* [Task statement]: Using the data that follows, output only the lines from the line with "2、依托幽暗光影、悬疑音效构" up to and including the line with "เสื้อฮู้ดซิปผู้หญิง สกรีนโลโก้ตามสั่ง ผ้าหนา", exactly, leaving pictures aside.
------ Data to process ------
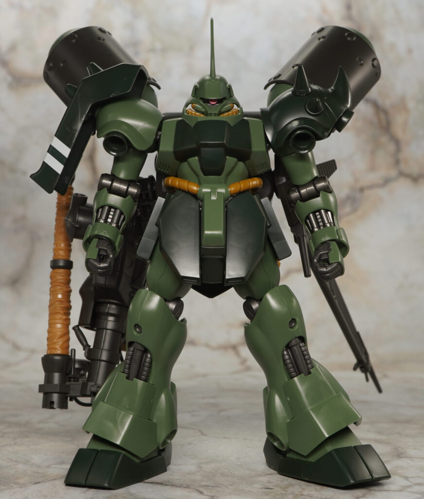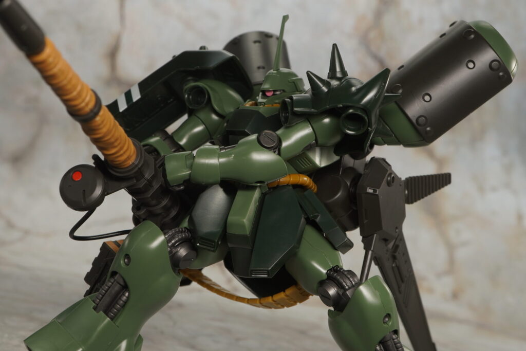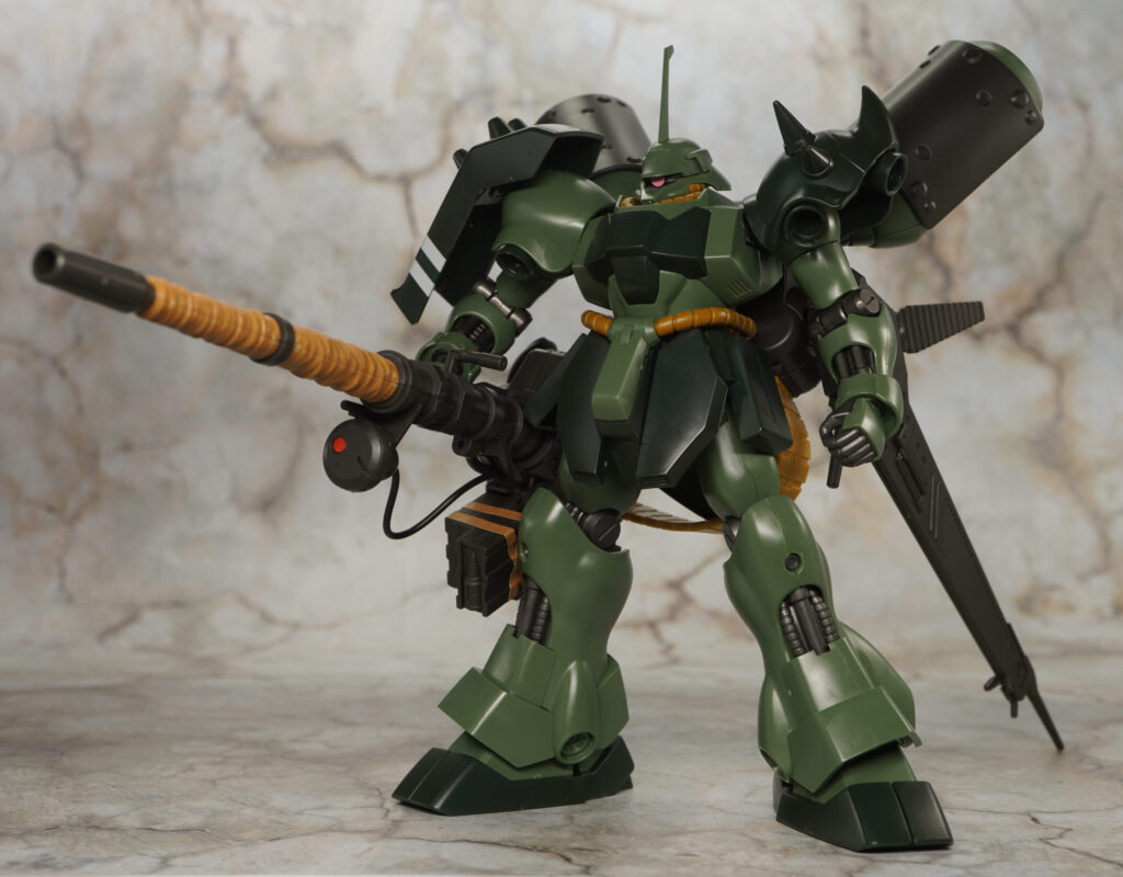 こちらが完成した【HGUC】ギラ・ドーガ(重武装仕様)です。動戦士ガンダム 逆襲のシャア」の模型企画CCA-MSVにて設定されたギラ・ドーガのバリエーション機で、重武装仕様いうことでランゲ・ブルーノ砲や大型プロペラントタンクなどを追加装備したギラ重。
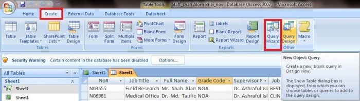 কুয়েরি ক্রিয়েট করার জন্য প্রথমে Create থেকে Query Wizard এ ক্লিক করতে হবে।
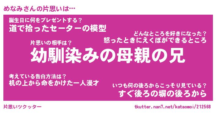 | ファンタジー風あだ名 | 『メナフェル』『エターナルメナミー』 |
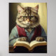 antropomorf katt som läser en bok poster
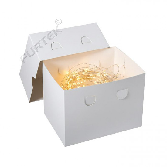 Коробка с крышкой белая с замочками на боковых стенках применяется для упаковки практически всех видов товаров – подарков, сувениров, посуды, статуэток, детских игрушек, наборов для шитья и рукоделия, изделий из текстиля. В качестве дополнительной защиты от повреждений хрупких предметов дополнительно используют наполнитель.
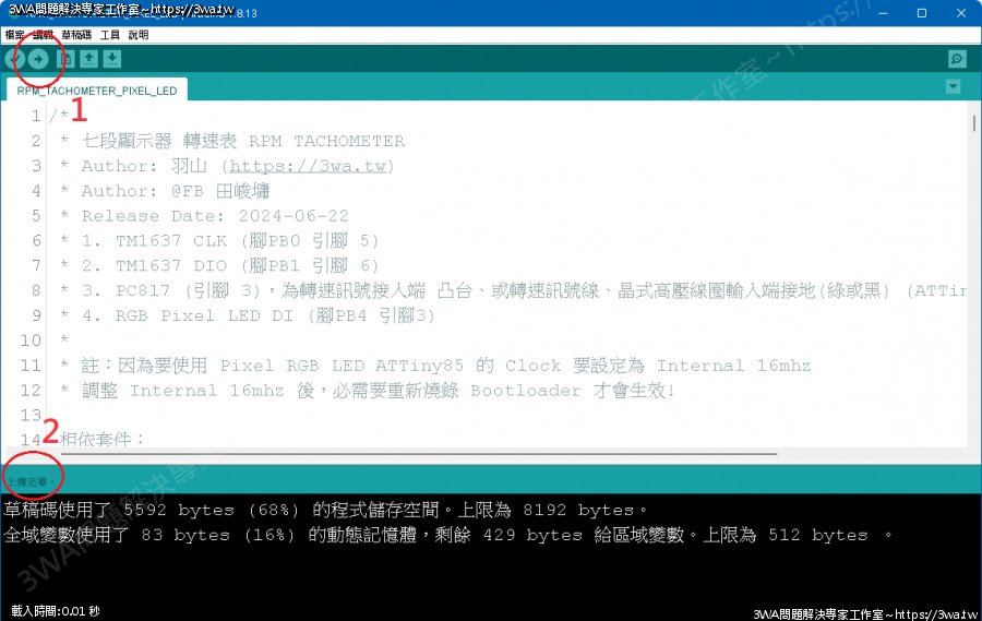| 內容說明:2024.06.23 ATTiny85 WS2812B 機車轉速表 | 瀏覽人數: 607 |
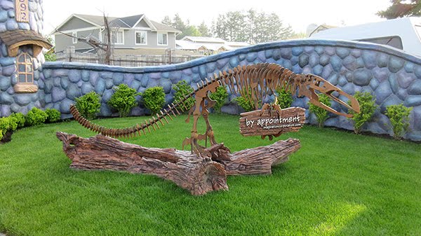 With the return of summer lately we are getting started on finishing a little more landscaping around the yard. A few weeks ago we prepped the ground and rolled out some turf. It sure cleaned things up in a hurry. Once the grass was down we could do a final install on the dinosaur sign. The rust patina has really evened out over the winter months and it is looking pretty fine! I’ll cut in a flower bed around it in a week or two when it is time to plant the annuals. Will it encourage the look-loos to make an appointment before coming on our property? I doubt it but it does finish off the area beside the driveway very nicely.
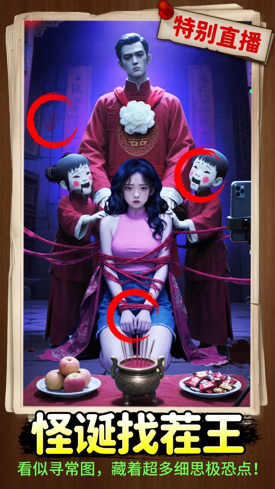 2、依托幽暗光影、悬疑音效构建沉浸式恐怖氛围,环境细节与突发惊吓强化紧张感,让找茬过程始终伴随未知恐惧。
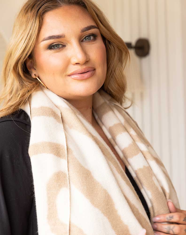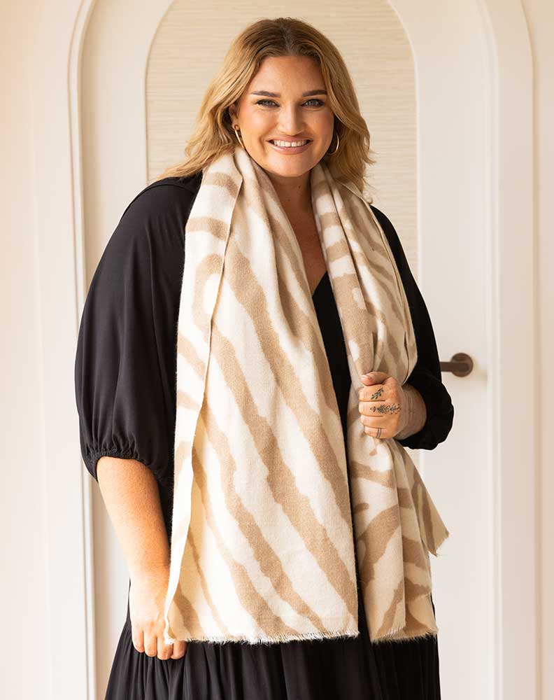 A soft feel scarf in a striking stripe print! Elevate your winter outfit whilst adding warmth. The generous size allows you to style this scarf many ways.
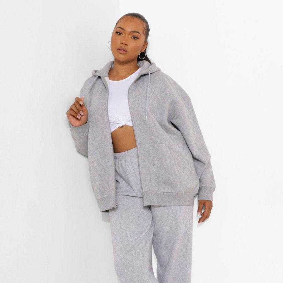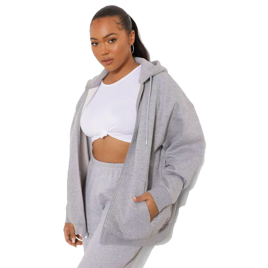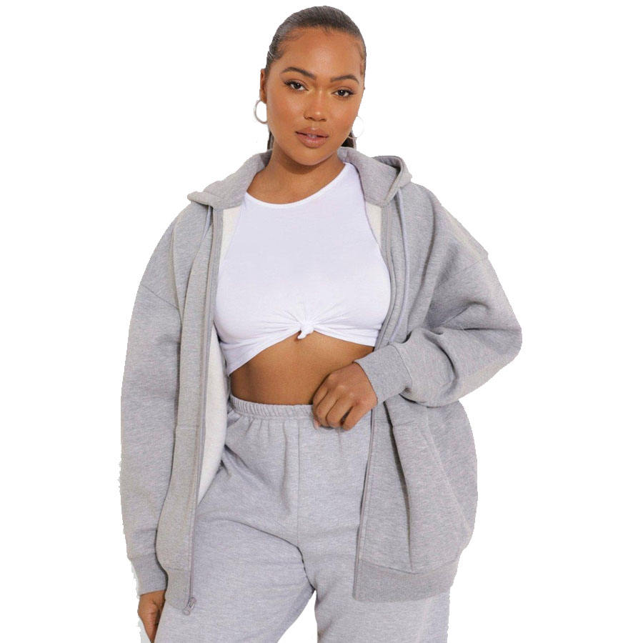 เสื้อฮู้ดซิปผู้หญิง สกรีนโลโก้ตามสั่ง ผ้าหนา สำหรับฤดูหนาว แขนยาว สไตล์ลำลอง ไซส์ใหญ่ สีเทา มีฮู้ด โลโก้ด้านหน้า
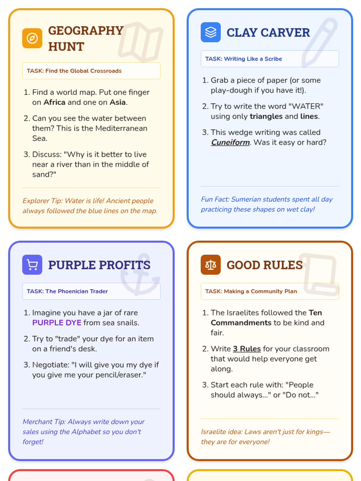 A hands-on introduction to using a compass rose and cardinal directions (North, South, East, West) using a town map. Students will learn the 'Never Eat Soggy Waffles' mnemonic and apply their skills to navigate a fictional town.
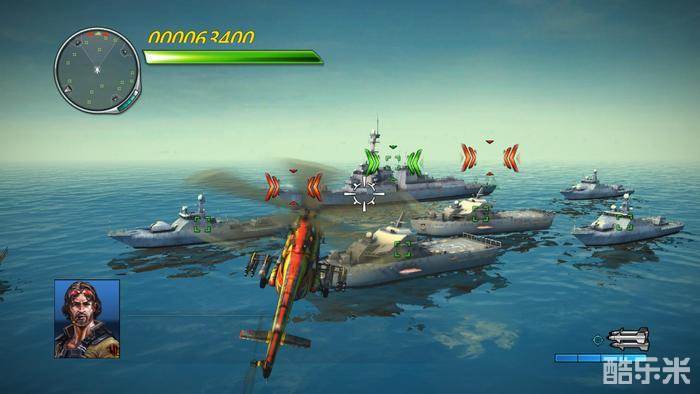 本关开始先是直升机吊着一辆坦克抢滩登陆,这时候出现了机枪免疫的重装甲车,所以别考虑了用导弹轰吧。之后是海上防卫战,由于对方水雷速度极快,玩家最好加速冲到近处,一枚导弹解决一枚水雷,速度够快的话大概船会中三次就完成任务了。之后用深水炸弹攻击潜艇,待潜艇放出导弹后去陆地接走友军,管卡结束。
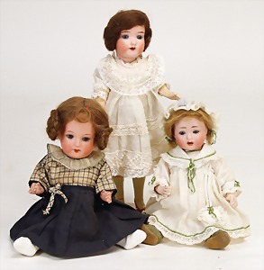 3 Porzellankopf-Puppen, 2x Armand Marseille, gem. 390, blaue Schlafaugen, off. Mund, Zähne, Echthaar-Perücke, Masse-Sitzbaby-Körper, 22 cm, 1x blaue fest eingesetzte Glasaugen, off. Mund, Zähne, aufgeklebte Mohair-Perücke, auf Masse-Stehkörper, mit anmodell. Schuhen und Strümpfen, 24 cm, 1x Porzellanfabrik Mengersgereuth, gem. Germany 23, blaue Schlafaugen, off. Mund, 2 Zähne oben, Mohair-Perücke, Masse-Sitzbabykörper, 20 cm
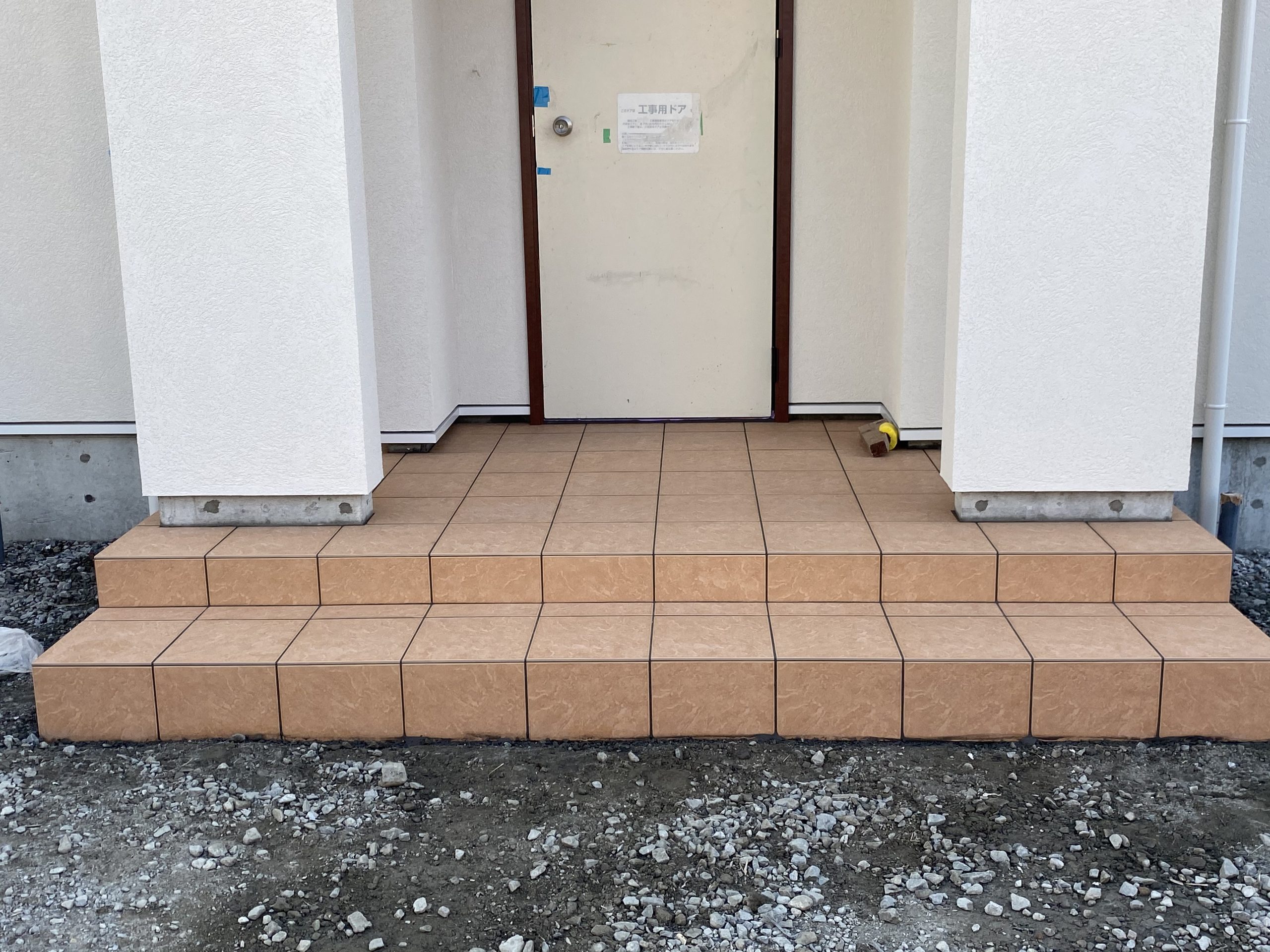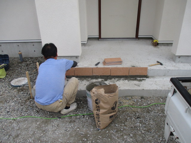 玄関ポーチにもきれいなタイルを張りました。
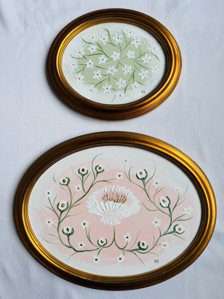 Pale Green Daisy Chain | 10.25" h x 12.25" w | Framed
------
* [Solution for this problem]:
 2、依托幽暗光影、悬疑音效构建沉浸式恐怖氛围,环境细节与突发惊吓强化紧张感,让找茬过程始终伴随未知恐惧。
 A soft feel scarf in a striking stripe print! Elevate your winter outfit whilst adding warmth. The generous size allows you to style this scarf many ways.
 เสื้อฮู้ดซิปผู้หญิง สกรีนโลโก้ตามสั่ง ผ้าหนา สำหรับฤดูหนาว แขนยาว สไตล์ลำลอง ไซส์ใหญ่ สีเทา มีฮู้ด โลโก้ด้านหน้า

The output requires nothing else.